A word-for-word copy of the data, with no images, is the required answer.

**PROVIDED DATA:**
----------------------------------------
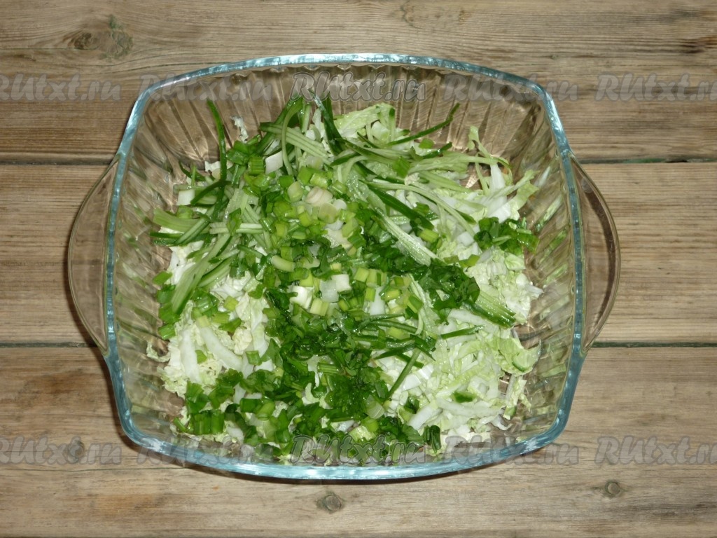Мелко нарезанные лук и зелень добавить в салат с пекинской капустой, дайконом, морковью и огурцом, посолить и перемешать.
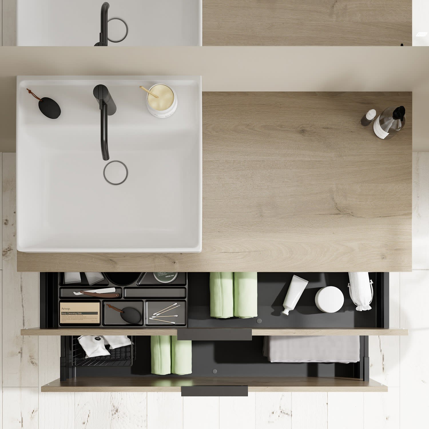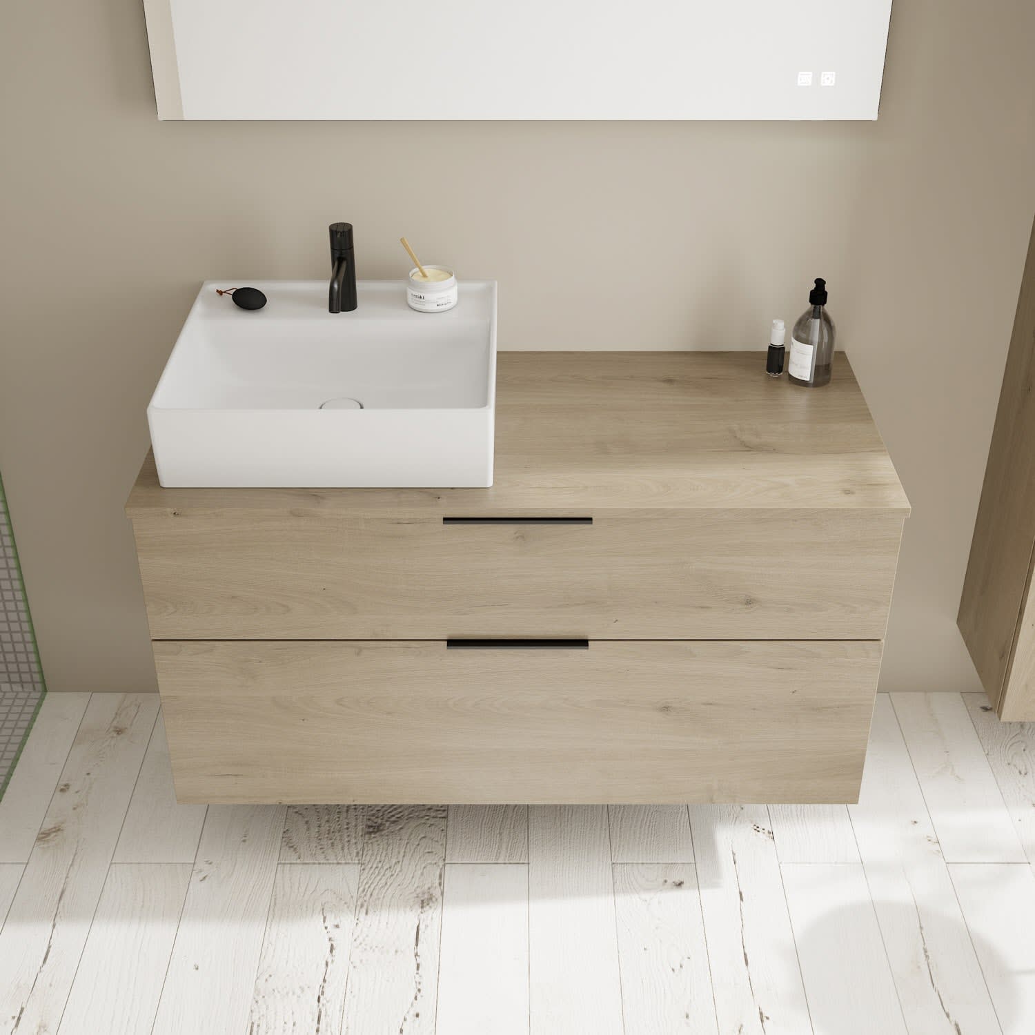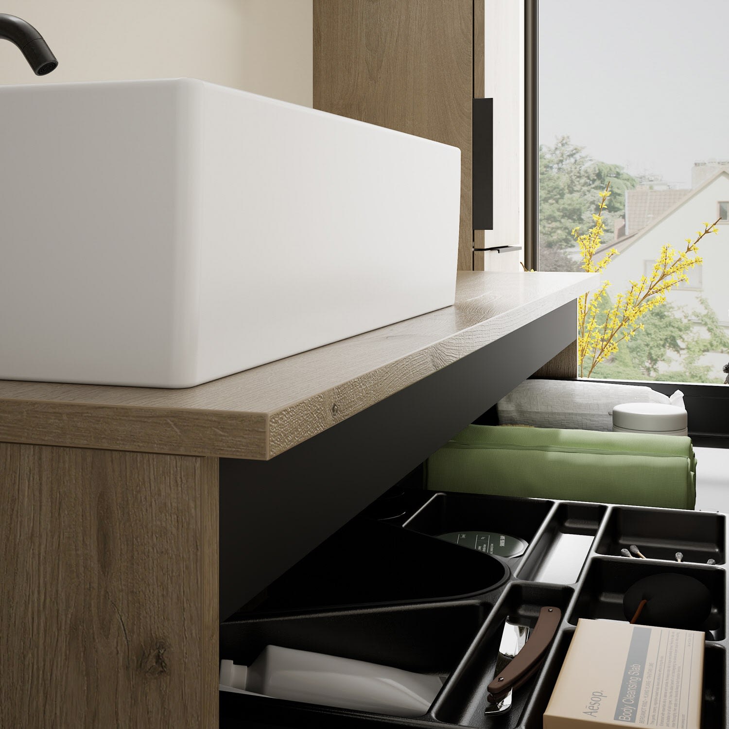 - 1 Schublade oben, 35 cm tief, mit Siphonausschnitt und Inneneinteilung
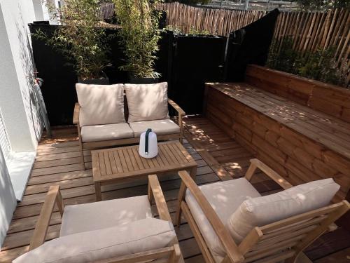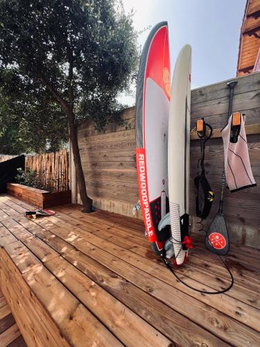 Maison à Lacanau Océan坐落于拉卡诺奥肯,距离南海滩(Plage Sud)有不到一公里,距离中央海滩(Plage Centrale)有10分钟步行路程,距离梅嘉内高尔夫球场有4.4公里。这家住宿距离超级南海滩(Plage Super Sud)有5分钟步行路程,配备露台和免费私人停车位。
----------------------------------------
**TASK SOLUTION:**
Мелко нарезанные лук и зелень добавить в салат с пекинской капустой, дайконом, морковью и огурцом, посолить и перемешать.
 - 1 Schublade oben, 35 cm tief, mit Siphonausschnitt und Inneneinteilung
 Maison à Lacanau Océan坐落于拉卡诺奥肯,距离南海滩(Plage Sud)有不到一公里,距离中央海滩(Plage Centrale)有10分钟步行路程,距离梅嘉内高尔夫球场有4.4公里。这家住宿距离超级南海滩(Plage Super Sud)有5分钟步行路程,配备露台和免费私人停车位。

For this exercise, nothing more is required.